[nycbug-talk] ZFS and firewire - conditions for a perfect storm

Isaac Levy ike at lesmuug.org
Mon Jun 30 19:42:54 EDT 2008

So, I think I'm coming to a modified marketing slogan for ZFS.

"ZFS Likes Cheap Disks, especially SATA/PATA, not so hot for firewire,  
and who knows about USB",

On Jun 30, 2008, at 4:25 PM, Miles Nordin wrote:
>>>>>> "il" == Isaac Levy <ike at lesmuug.org> writes:
>    il> [root at blackowl /usr/home/ike]# zpool export Z cannot unmount
>    il> '/Z/shared': Device busy
> maybe this is the freebsd version of 'no valid replicas', the generic
> banging-head-against-wall message Solaris gives you when it's trying
> to ``protect'' you from doing something ``dumb'' like actually fixing
> your fucked-up array.
> you can try erasing zpool.cache and then 'import -f'.
>    il> - Or, sometimes it just hangs like I described previously.
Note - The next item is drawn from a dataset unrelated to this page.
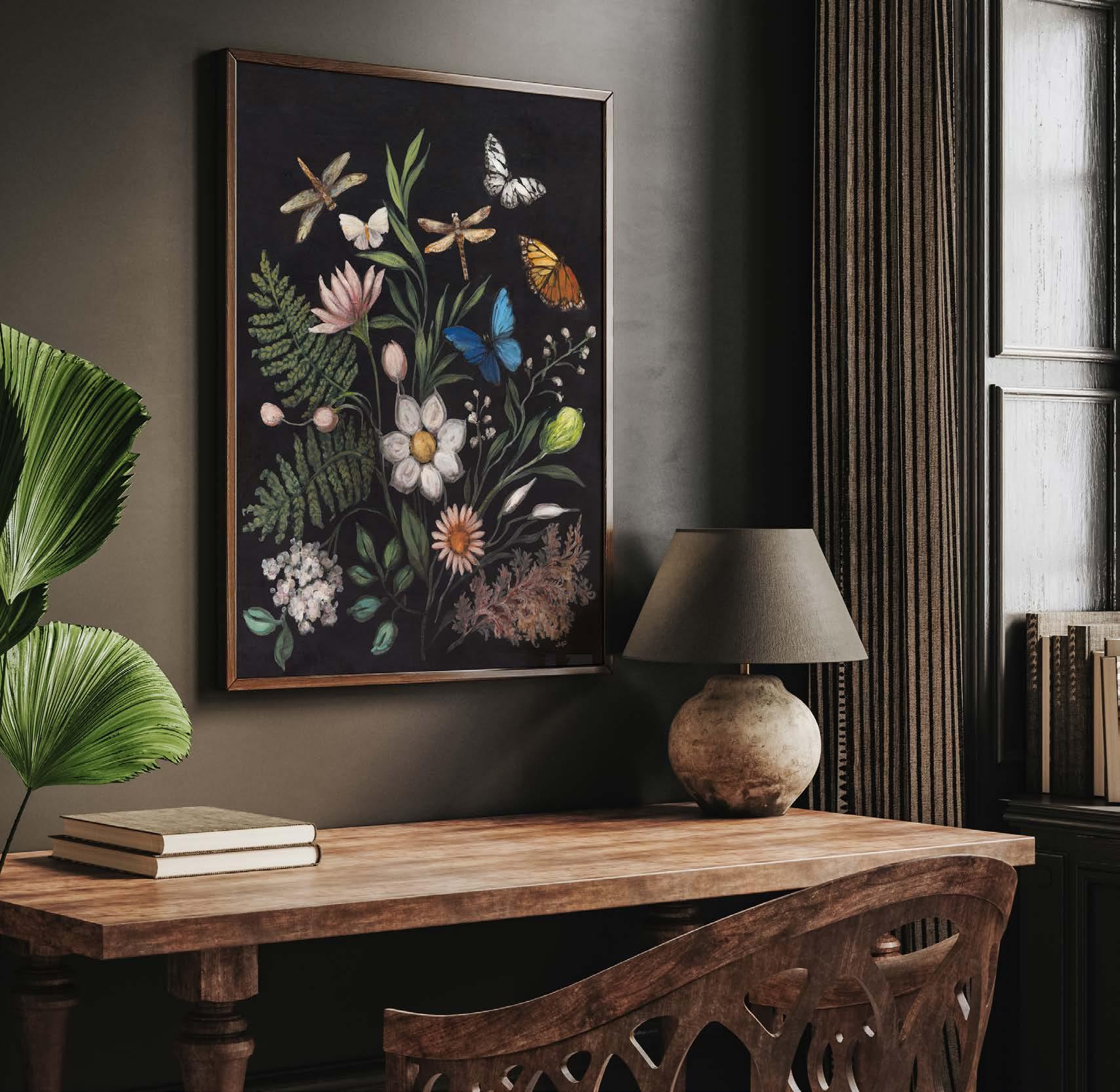 Moody Blooms, Bold Statements. This is where nature meets drama—Dark Botanical combines lush florals, woodland creatures, and shadowy tones for a look that’s equal parts elegant and mysterious.

Cool- thx for the heads-up on this approach, I'm learning a lot more  
about ZFS...  (stuff I didn't necessarily want to know :)

However, for the record here, I just tried unplugging a drive as  
before (to bring on a disk I/O hang), deleted the zpool.cache, and  
tried 'import -f' - and it's all just hung.

The OS keeps chugging along nicely though, (UFS2 on an internal disk).

/me sighs, reboots, and starts fresh again...

> I find 'zpool status' hangs a lot.  A status command should never
> never never cause disk I/O or touch anything that could
> uninterruptable-sleep.  Especially, a system-wide status command needs
> to not hang because one pool is messed up, any more than it's
> acceptable for failures in one pool to impact availability of the
> whole ZFS subsystem (which AFAIK they correctly don't spill over, in
> terms of stable/fast filesystem access to pools other than the one
> with problems.  but for 'zpool status', they do, so if you consider
> the zpool command part of the ZFS subsystem then they do spillover.)
>    il> + Again, and after digging around lists online, this one leads
>    il> me to believe that the only people who've done a great job
>    il> implementing firewire is Apple, (it's theirs to begin with).

Oy- you are correct here Miles!

On an Apple machine, using a firewire disk, after installing  
smartmontools, I can't get even a lick of info out of the firewire  

plumb:~ ike$ smartctl -a disk8
smartctl version 5.38 [i386-apple-darwin9.3.0] Copyright (C) 2002-8  
Bruce Allen
Home page is http://smartmontools.sourceforge.net/

Smartctl open device: disk8 failed: Operation not supported by device
plumb:~ ike$

And using apple's diskutil, good stuff like SMART isn't supported:

plumb:~ ike$ diskutil info disk8
    Device Identifier:        disk8
    Device Node:              /dev/disk8
    Part Of Whole:            disk8
    Device / Media Name:      WiebeTech

    Volume Name:
    Mount Point:

    Partition Type:           GUID_partition_scheme
    Bootable:                 Not bootable
    Media Type:               Generic
    Protocol:                 FireWire
    SMART Status:             Not Supported

    Total Size:               931.5 Gi (1000204886016 B) (1953525168  
512-byte blocks)
    Free Space:               0.0 B (0 B) (0 512-byte blocks)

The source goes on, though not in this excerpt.